A protecção e valorização das marcas nacionais deve integrar-se num plano mais amplo de desenvolvimento territorial e cultural. Organizações como a Companhia de Artes Horizonte Njinga Mbande, que mantém actividade desde 1986, mostram que a persistência criativa consegue resistir a crises económicas e a mudanças políticas profundas. Do mesmo modo, a Associação Tchiweka de Documentação desempenha um papel fundamental na preservação da memória nacional e na manutenção do capital simbólico angolano.

No cenário internacional, a experiência da Islândia merece destaque. O Centro Tecnológico da Islândia (CTIC) desenvolve parcerias estratégicas com instituições culturais e fundos soberanos para digitalizar e valorizar o património imaterial, transformando-o num activo económico e turístico. Em Angola, um modelo semelhante poderia ser aplicado através do Fundo Soberano, em colaboração com o Ministério da Cultura e o Ministério do Turismo, digitalizando o património cultural material e imaterial para fins educativos, turísticos e de exportação cultural.

5. Propostas de Intervenção Estruturada

A defesa das marcas nacionais não pode limitar-se a acções isoladas ou reactivas. É essencial a adopção de um plano estratégico integrado, com medidas concretas como:

1. Criação de incentivos fiscais, linhas de crédito e programas de apoio directo para criadores que registem e promovam marcas nacionais.
2. Implementação de um sistema de certificação “Feito em Angola” que valorize produtos e serviços com forte ligação ao capital cultural e às identidades regionais.
3. Orientação das compras públicas para a aquisição de bens e serviços criativos e inovadores de origem nacional, dinamizando a economia interna.
4. Inclusão de disciplinas sobre branding, marketing territorial e economia criativa nos programas de ensino superior e nos centros de inovação tecnológica.
5. Estreitamento da cooperação interministerial entre Cultura, Turismo, Indústria, Comércio e Finanças, evitando a duplicação de esforços e a fragmentação de políticas.
6. Reforço das acções de combate à contrafacção, com recurso a tecnologias avançadas e parcerias internacionais, nomeadamente com a EUIPO e com institutos nacionais de propriedade industrial de países de referência.

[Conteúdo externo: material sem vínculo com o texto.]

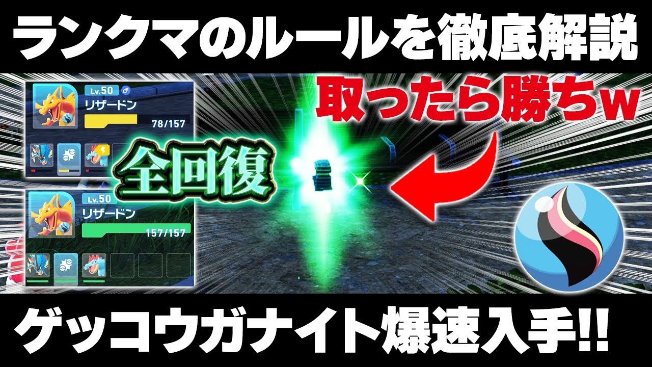 はい、どうもそにです。今回はですね、 ポケモンZランクマが今日の3時から実装 されましたということです。ま、もうね、 早速プレイしてですね、ランクマの報酬に 月光がないとが追加されてたので、そちら を回収してきました。はい。ま、ちょっと ね、ルールとかの説明とかを色々しながら ですね、ま、気づいたことだったりを皆 さんに共有できたらなと思います。はい。 ま、とりあえず概要がこんな感じですね。 ま、シーズン1が開催されます。ま、 ランクバトル選択して遊んでください。で 、期間が11月5日まで一旦やりますよと いうことですね。で、レギュレーションが 見荒れ図鑑のポケモンでレベルは100 レベでも1レベでも結局50レベになるの で、ま、とりあえず皆さんいきなり挑戦 するということが可能です。はい。で、 道具を持たせることができて、ま、参加さ せるポケモンのうち2匹以上のポケモンに 同じ道具を持たせることはできませんよと 。ま、だから食べ残しを2つ持たせるとか ね、お盆のみを2個持たせるとかはでき ないよといった感じです。ま、基本的にね 、メガストーンを持たせてることが多いん で、ま、そんなに被ぶったりはしないかな 。で、対戦時間3分で、ま、時間に関して はちょうどいいぐらいの感覚でした。なん か報酬が3種類ありますね。ま、シーズン 報酬は最後のランクマが終了時にもらえる 報酬でランク上がった時の報酬ですね。ま 、これに月がナイトとかが含まれてて、 今回Kランクまで上げれば一旦月行がない ともらえますね。はい。で、あとはメガ かけラとかね、色々もらえるものがあり ました。で、対戦報酬ですね。ま、この辺 はなんだろう。経験とかかな。ま、 とりあえずなんか色々もらえました。で、 シーズン報酬がこんな感じ。Aランクまで 上げるとコンペボールから始まり、金の 王冠、銀の王冠、海善の種でかい金の玉と はい。ま、豪華になっていきますね。 ランク上げれば上げるほどとりあえず、ま 、毎Aランクまでは上げたいよねみたいな 感じの内容ですね。で、一応ね、配布され ているその月光がないと、ま、報酬となる メガストーンについては再配布も予定され てるとのことなので、ま、最悪ね、あと あのZを買ってやばい月光がないとか手に 入らないみたいなことはないですよという ことですね。はい。で、一応ね、ランクが 下がったりすることもありませんとのこと で、かなり優しい仕様にはなってます。 はい。で、ランクバトルはですね、4人で 殴り合うリアルタイムバトルです。はい。 ま、これはちょっとね、PVとかでもあっ たかもしれないんですが、ま、こちらが ルール説明となってて、ま、ちょっと映像 も後から見せるんですけど、ま、4人で とりあえず、ま、あの、自分の手持ち3体 決めてですね。これね、ちょっとこの仕様 が結構だるくて手持ちから登録できません でした。使うポケモンは一旦ね、ボックス に移動させないといけないというところが あったので、そこだけちょっとね、あ、ま 、めんどくさかったけど、手持ちから移し てボックスからチームを登録すると。はい 。で、道具を持たせて、ま、ランクバトル 参加しますよと。で、ま、敵を倒した回数 が多ければ多いほど1位から4位が決まる みたいな感じの内容でしたね。で、それ 以外にですね、一応フィールドにこの ランクマ専用の特殊なアイテムみたいなの が落ちてます。この緑色のやつ、ま、ある と思うんだけど、これがね、緑と赤と青と あって、緑だとHP回復で、青が防御特防 がアップで、赤が攻撃特攻が上がるよ みたいな。これはもう積極的に拾った方が いいです。で、メガエネルギーの塊みたい なのはもうあれですね、あのストーリー モードでもあるあれが落ちてるんで、ま、 ここにある、この右のね、緑色の ファーカーの人の後ろにあるこのかけら 拾うと、ま、メガ進化しやすくなるよ みたいな内容ですね。で、この緑の道具強 すぎ。取った瞬間全回復するんでこ ぶっ壊れもこれ拾ったら勝つ。それぐらい 強いですね。はい、ということでね、ま、 とりあえず僕は使ってたポケモンを3匹 適当に選んだ感じですね。ギャラドス オーダイルリザードンとかいう電気タイプ どうすんの?みたいな構築です。はい。で 、今ね、僕がギャラドスで殴ろうとした 瞬間相手メガニウムに変えてきましたね。 こういうプレイイングが出てきます。ま、 弱点ポケモンが出されたらだから倒され ちゃうんで交代するって感じですね。で、 今倒せそうなタイミングで変えられたね、 メガニウム。あれ実はギリギリ耐えてまし た。はい。で、今交代僕ももう2回使っ ちゃったんでちょっと挟まれてかなり やばい状況ではありますね。はい。ここは またリザードンに変えて、ま、こんな感じ でね、4体全部に対応することできない から、やっぱり弱点が少ないポケモンを 用意するのは強いかなとは思いましたね。 ま、あとはもう光の壁とかリフレクターと か

Finalmente, é importante referir, que proteger e valorizar as marcas angolanas é, acima de tudo, investir na própria alma do país. É preservar memórias colectivas, estimular a inovação, reforçar a competitividade e assegurar a soberania cultural e económica. Cada marca que conseguimos manter viva é um capítulo da nossa história que continua a ser escrito com orgulho e com identidade.

Se Angola deseja verdadeiramente caminhar para uma economia diversificada, resiliente e inclusiva, é urgente que as políticas públicas passem a reconhecer o valor das marcas como parte integrante do património estratégico nacional. Este capital intangível é tão relevante quanto os recursos naturais como o petróleo ou os diamantes, com a vantagem de ser renovável, sustentável e profundamente ligado à essência e ao espírito do povo angolano.